Problem to solve: Word for word, restate the lines of the data below between those holding "Lorenvalley Offwhite Khadi" and "Beautiful like new", inclusive; pictures do not belong in the copy.

--- Records for the exercise Enclosed Below ---

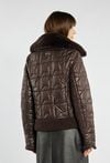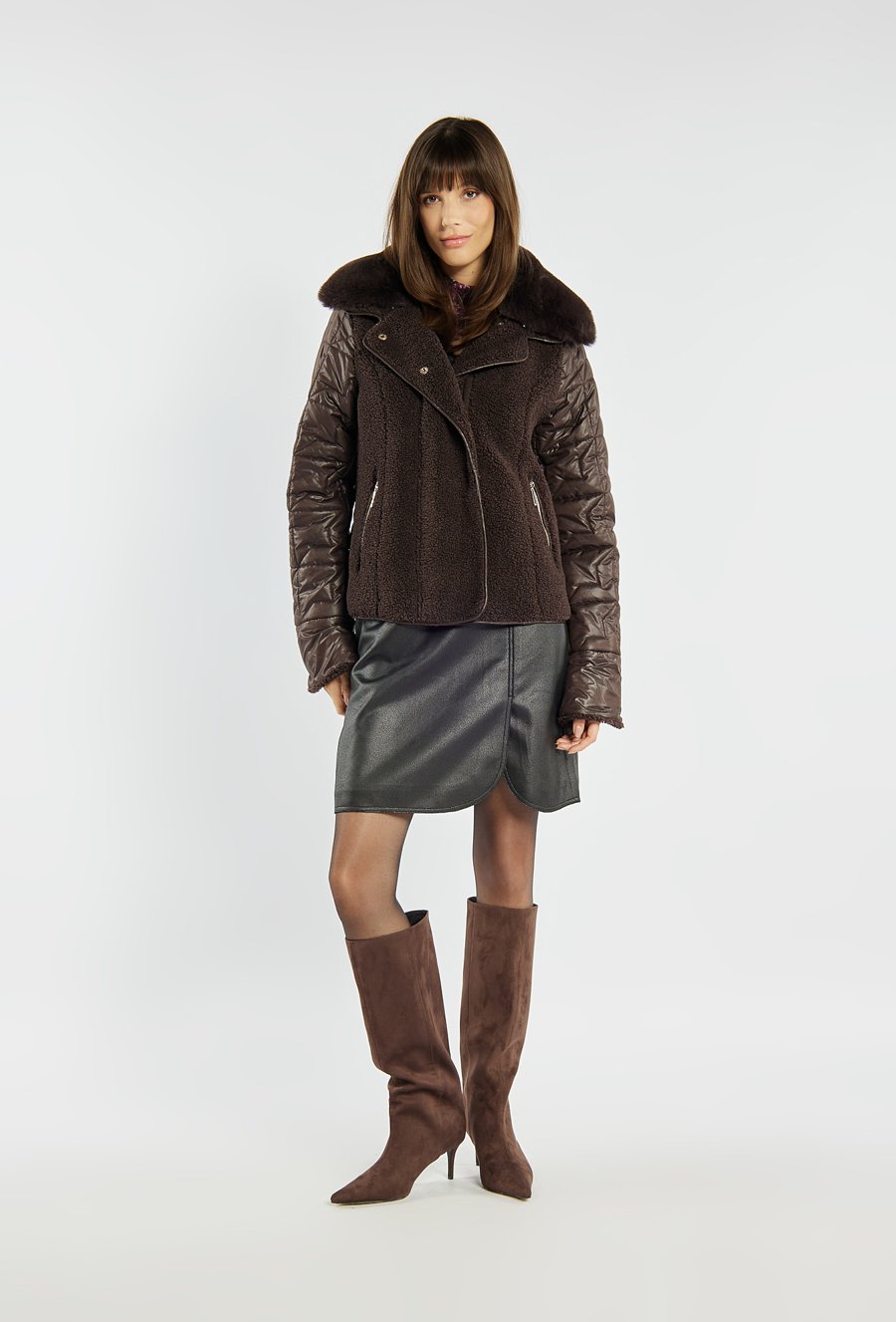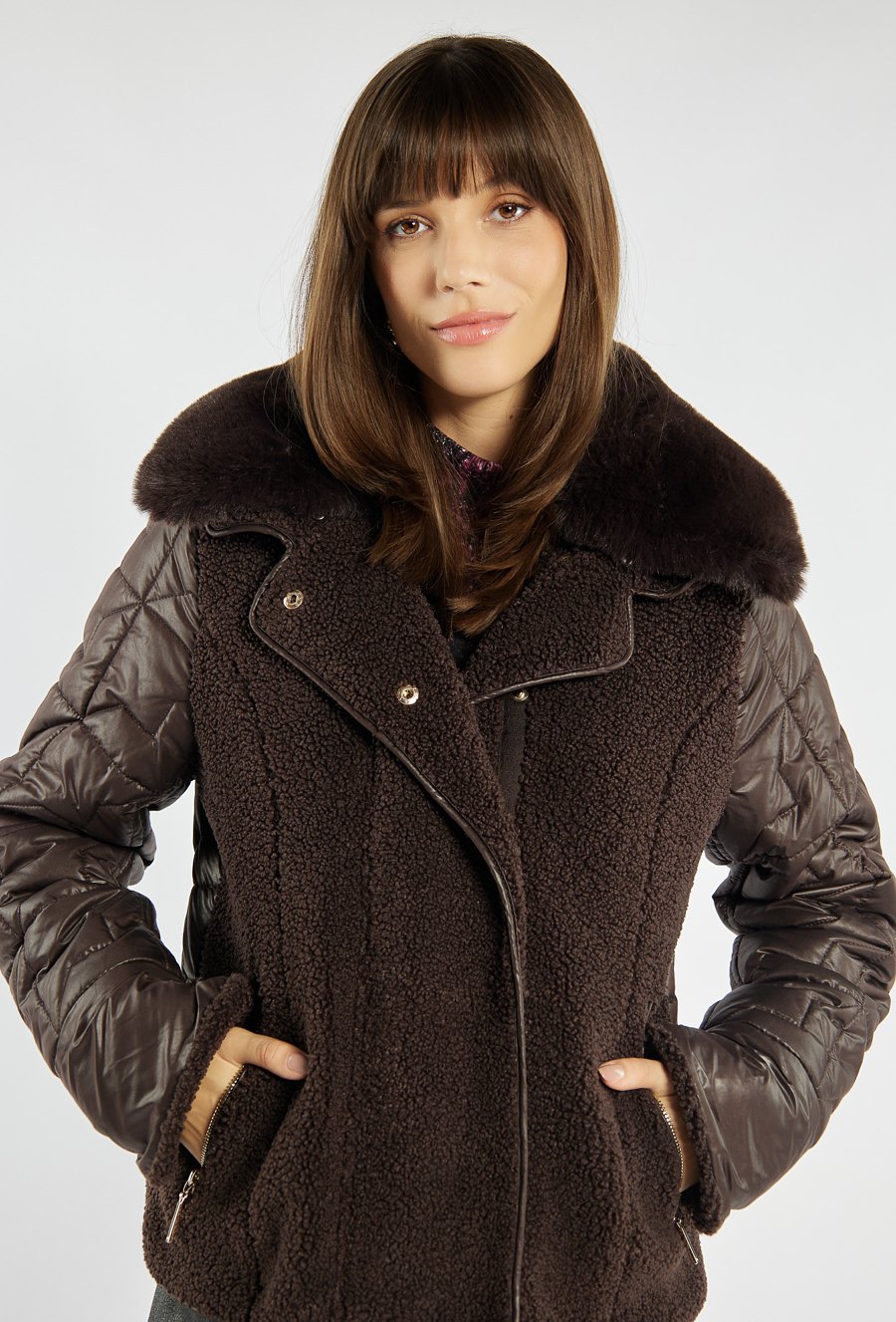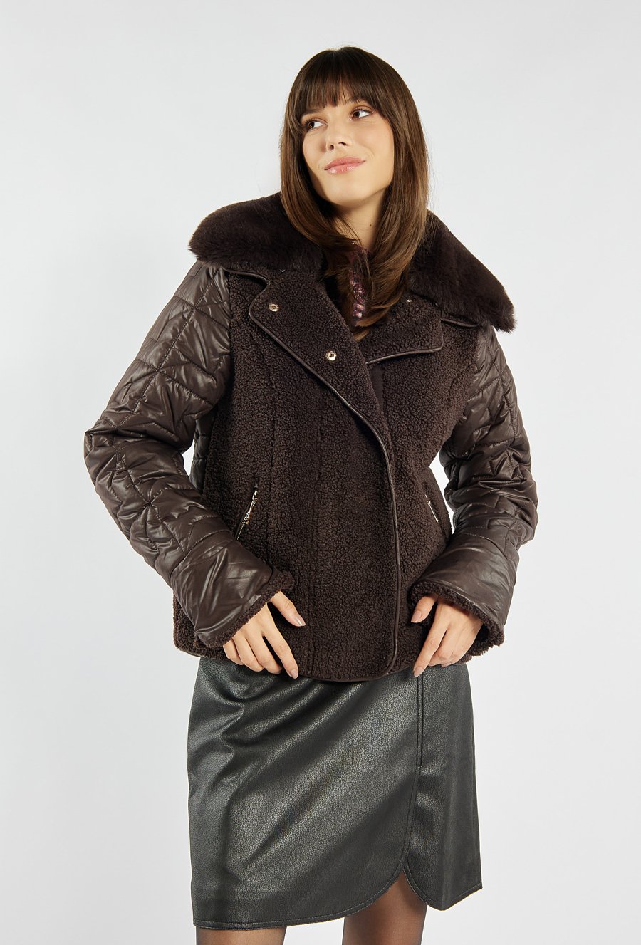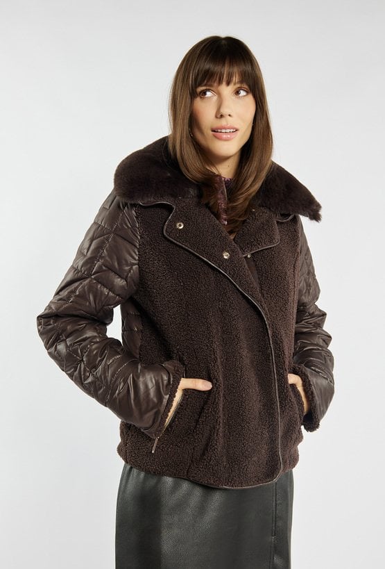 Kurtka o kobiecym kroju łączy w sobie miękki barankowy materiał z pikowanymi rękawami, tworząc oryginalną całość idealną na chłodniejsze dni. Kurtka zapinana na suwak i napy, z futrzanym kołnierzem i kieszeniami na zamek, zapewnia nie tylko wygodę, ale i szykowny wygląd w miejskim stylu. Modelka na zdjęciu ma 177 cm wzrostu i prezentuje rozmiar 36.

--- End of Enclosed Records for the exercise ---
--- Records for the exercise Enclosed Below ---

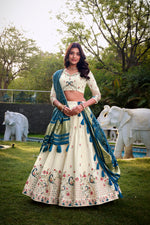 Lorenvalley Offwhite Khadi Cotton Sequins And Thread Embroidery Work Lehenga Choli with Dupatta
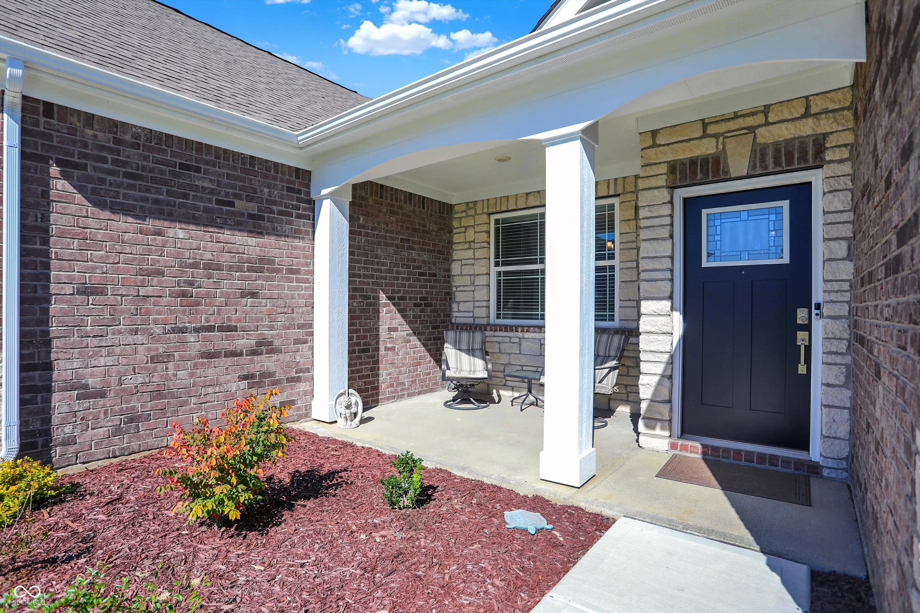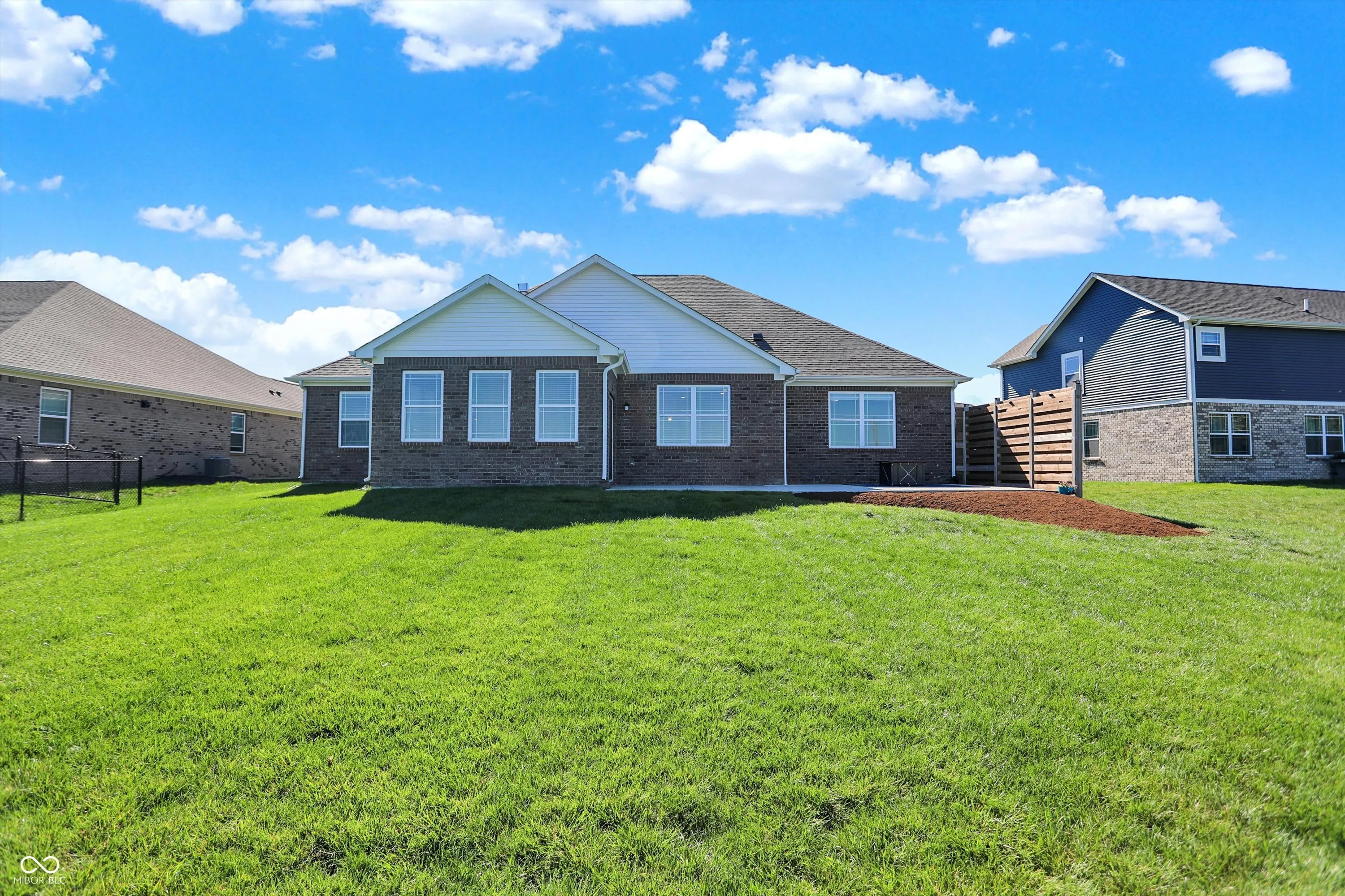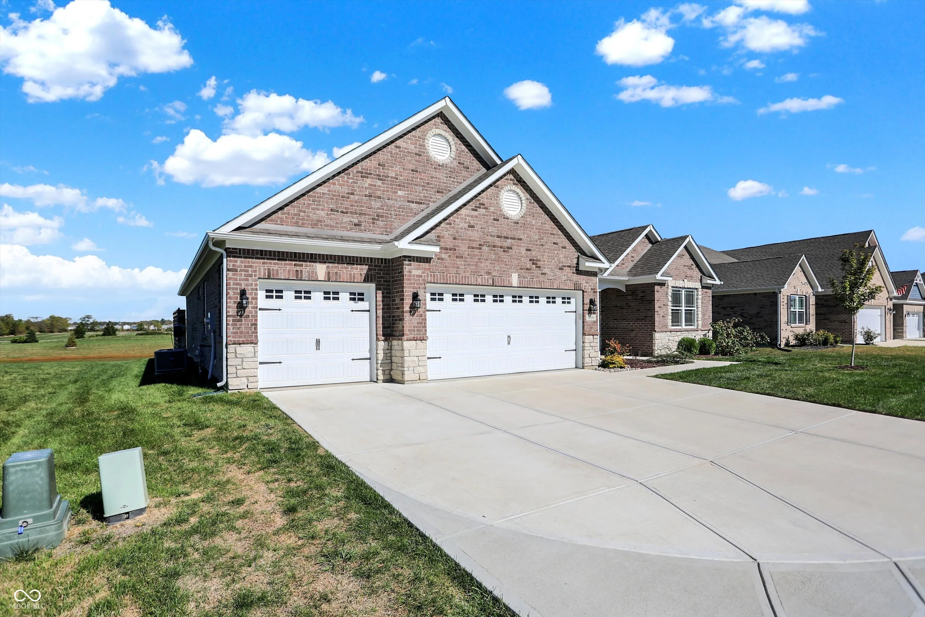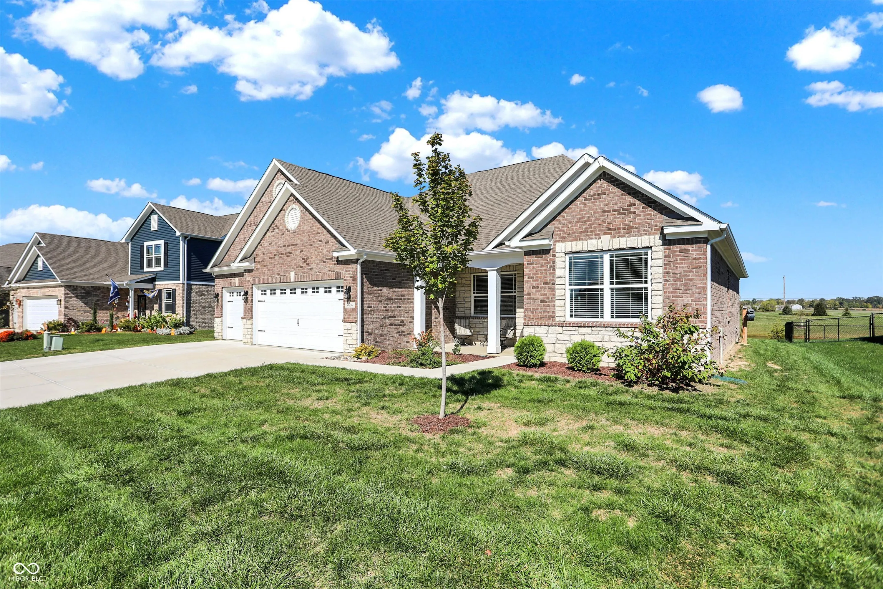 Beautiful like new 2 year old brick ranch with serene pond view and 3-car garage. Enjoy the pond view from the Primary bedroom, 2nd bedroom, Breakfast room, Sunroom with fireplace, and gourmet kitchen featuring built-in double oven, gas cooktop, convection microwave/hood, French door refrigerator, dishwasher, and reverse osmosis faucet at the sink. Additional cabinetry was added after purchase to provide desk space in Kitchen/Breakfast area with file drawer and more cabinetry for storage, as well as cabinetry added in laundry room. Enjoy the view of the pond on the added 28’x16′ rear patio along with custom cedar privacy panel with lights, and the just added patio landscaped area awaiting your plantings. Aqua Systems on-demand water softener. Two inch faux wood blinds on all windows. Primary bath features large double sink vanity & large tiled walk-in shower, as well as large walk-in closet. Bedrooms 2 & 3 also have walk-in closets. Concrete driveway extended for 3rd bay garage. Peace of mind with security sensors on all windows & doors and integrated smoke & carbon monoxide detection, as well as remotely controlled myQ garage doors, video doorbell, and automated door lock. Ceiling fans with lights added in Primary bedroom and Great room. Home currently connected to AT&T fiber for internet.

--- End of Enclosed Records for the exercise ---

Output for this task:
 Lorenvalley Offwhite Khadi Cotton Sequins And Thread Embroidery Work Lehenga Choli with Dupatta
 Beautiful like new 2 year old brick ranch with serene pond view and 3-car garage. Enjoy the pond view from the Primary bedroom, 2nd bedroom, Breakfast room, Sunroom with fireplace, and gourmet kitchen featuring built-in double oven, gas cooktop, convection microwave/hood, French door refrigerator, dishwasher, and reverse osmosis faucet at the sink. Additional cabinetry was added after purchase to provide desk space in Kitchen/Breakfast area with file drawer and more cabinetry for storage, as well as cabinetry added in laundry room. Enjoy the view of the pond on the added 28’x16′ rear patio along with custom cedar privacy panel with lights, and the just added patio landscaped area awaiting your plantings. Aqua Systems on-demand water softener. Two inch faux wood blinds on all windows. Primary bath features large double sink vanity & large tiled walk-in shower, as well as large walk-in closet. Bedrooms 2 & 3 also have walk-in closets. Concrete driveway extended for 3rd bay garage. Peace of mind with security sensors on all windows & doors and integrated smoke & carbon monoxide detection, as well as remotely controlled myQ garage doors, video doorbell, and automated door lock. Ceiling fans with lights added in Primary bedroom and Great room. Home currently connected to AT&T fiber for internet.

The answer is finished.